The student body is a mix of EE, CS, STAT, and IEOR graduate students, so it’s possible to meet people from different departments.

Here are the possibly negative aspects of EE 227C:

We had little grading transparency and feedback on assignments/midterms/projects, in part because of the relatively large class (around 50 students?) and only one GSI. But it’s a graduate-level course and my GPA almost doesn’t matter anymore so it was not a big deal to me.
We started in Etcheverry Hall, but had to move to a bigger room in Donner Lab (uh … where is that?!?) when more students stayed in the class than expected. This move meant we had to sit in cramped, auditorium-style seats, and I had to constantly work to make sure my legs didn’t bump into whoever was sitting next to me. Am I the only one who runs into this issue?
For some reason, we also ended class early a lot. The class was listed as being from 3:30-5:00PM, which means in Berkeley, it goes from 3:40-5:00PM. But we actually ran from 3:40-4:50PM, especially near the end of the semester. Super Berkeley time, maybe?

To end this review on a more personal note, convex optimization was one of those topics that I struggled with in undergrad.
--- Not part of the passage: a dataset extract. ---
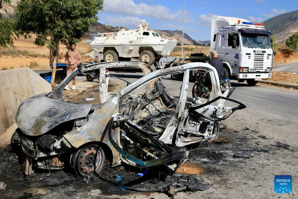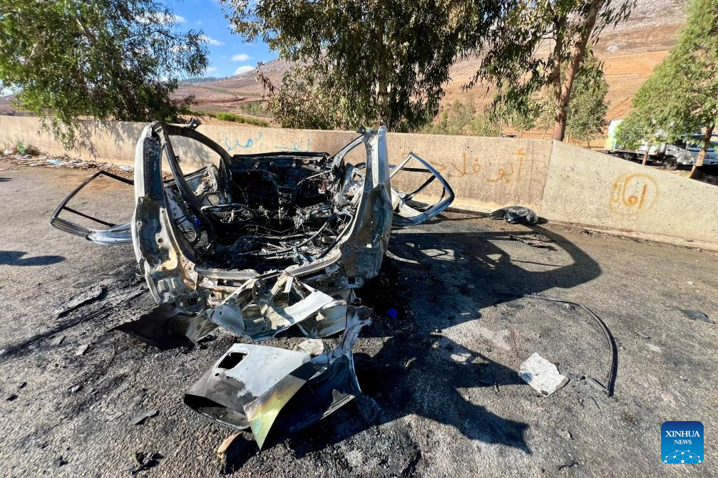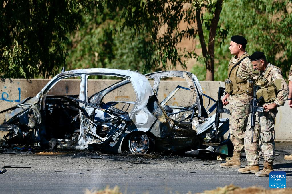 The Lebanese Health Ministry's Public Health Emergency Operations Center said in a release that the Israeli strike on a car on the Jarmaq/Khordali road near the city of Nabatieh, deep in the south, resulted in two deaths and one injury. The official Lebanese National News Agency (NNA) said it was a drone attack. (Photo by Ali Hashisho/Xinhua)

At Williams, there’s no course like this (or EE 227B … or even EE 227A!!³) so when I was working on my undergraduate thesis, I never deeply understood all of the optimization material that I needed to know for my topic, which was about the properties of a specific probabilistic graphical model architecture. I spent much of my “learning” time on Wikipedia and reading other class websites. After two years in Berkeley, with courses such as CS 281A, CS 287, EE 227B, and of course, this one, I finally have formal optimization education, and my understanding of related material and research topics has vastly improved. On our last lecture, I asked Ben what to take after this. He mentioned that this was a terminal course, but the closest would be a Convex Analysis course, as taught in the math department. I checked, and Bernd Sturmfels’s Gemoetry of Convex Optimization class would probably be the closest, though it looks like that’s not going to be taught for a while, if at all. In the absence of a course like that, I’m probably going to shift gears and take classes in different topics, but optimization was great to learn. I honestly felt like I enjoyed this course more than any other in my time at Berkeley.

Thanks for a great class, Ben!

For some reason, Convex Optimization is still called EE 227BT instead of EE 227B. Are Berkeley’s course naming rules really that bad that we can’t get rid of the “T” there? ↩
I’m not even sure if I got extra credit for those. ↩
One of the odd benefits of graduate school is that I can easily rebel against my liberal arts education. ↩